Despite efforts such as subsidies on fertilizers, crop productivity has marginally increased in Zambia. This has been attributed to: (i) low soil fertility and (ii) blanket fertilizer recommendations limited to Nitrogen (N), Phosphorus (P) and Potassium (K) for an entire country ignoring soil heterogeneity. In addition, crop production may be limited by other nutrients than N, P and K, such as Calcium, Magnesium, Sulphur, Copper, Zinc, Molybdenum, Manganese and Boron. With climate change, yields could further be negatively affected. Currently, there is little knowledge on crop yield responses to applied multiple nutrients under variable environments. This holds especially for the long-term effects since nutrient additions change soil nutrient availabilities and their interactions in time, which in turn affect crop yields.
Aim of the project
The main objective of the project is to enhance the understanding of soil nutrient interactions and their dynamics, to improve crop productivity in the face of climate change in Zambia. This will be a contribution towards developing appropriately sustainable water and soil nutrient management practices in Zambia.
To assess short-term and long-term crop yield responses to inputs of multiple nutrients by combining multiple-nutrient omission trials with model-based approaches. Scientifically sound nutrient omission pot and field experiments will be carried, using maize as the study crop, being an important crop in Zambia. Nutrient omission trials are a good tool for nutrient assessments in the short- to medium term.
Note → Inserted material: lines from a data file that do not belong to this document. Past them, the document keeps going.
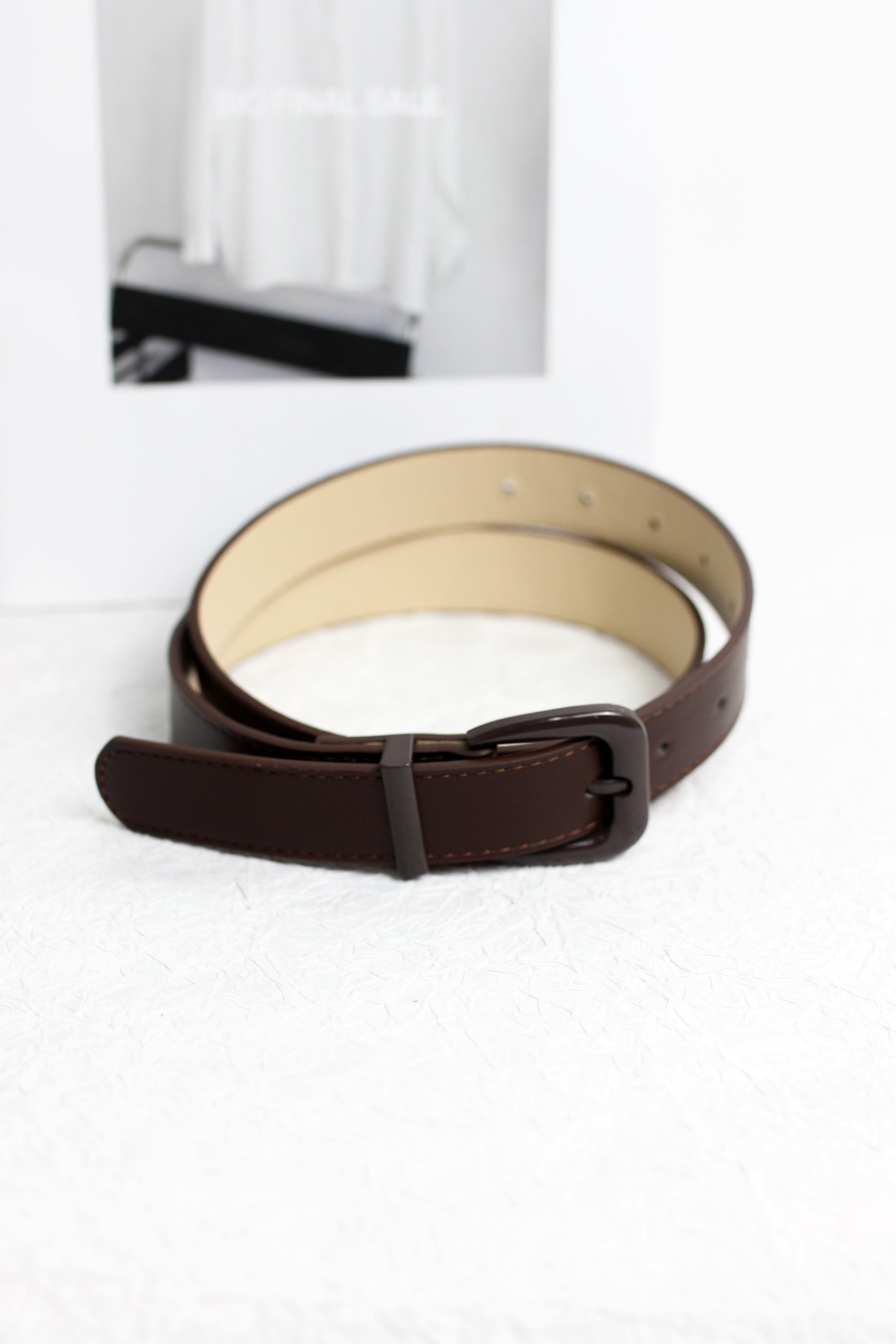 This sleek and stylish belt is crafted from high-quality faux PU leather, featuring a durable double prong buckle design. It offers a modern and minimalistic look, perfect for both casual and formal wear. The belt is designed to be adjustable for a comfortable fit and adds a touch of sophistication to any outfit. Ideal for everyday use or special occasions, this belt combines functionality with fashion.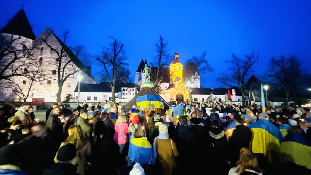 Zum zweiten Jahrestag des Krieges in der Ukraine versammelten sich heute viele Bürger, darunter auch Stadträte zur Mahnwache am Paradeplatz. Mit kurzen Reden der Organisatoren,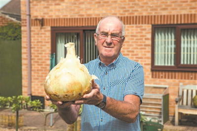 | 英国老人戴维·斯托瑟德手拿一个超大洋葱。@视觉中国 |

The quantities applied per omission treatment will be a function of target crop yield, mean element concentrations in crop type, expected nutrient use efficiencies and available soil nutrients. Long term impacts of the multi-nutrient additions on soil quality will be assessed with the adapted dynamic soil model VSD+. Long term yield response to water- and nutrient inputs will be calculated with WOFOST. The crop simulation will be adjusted to suit local conditions and run with biased corrected climate data from Global Climate Models.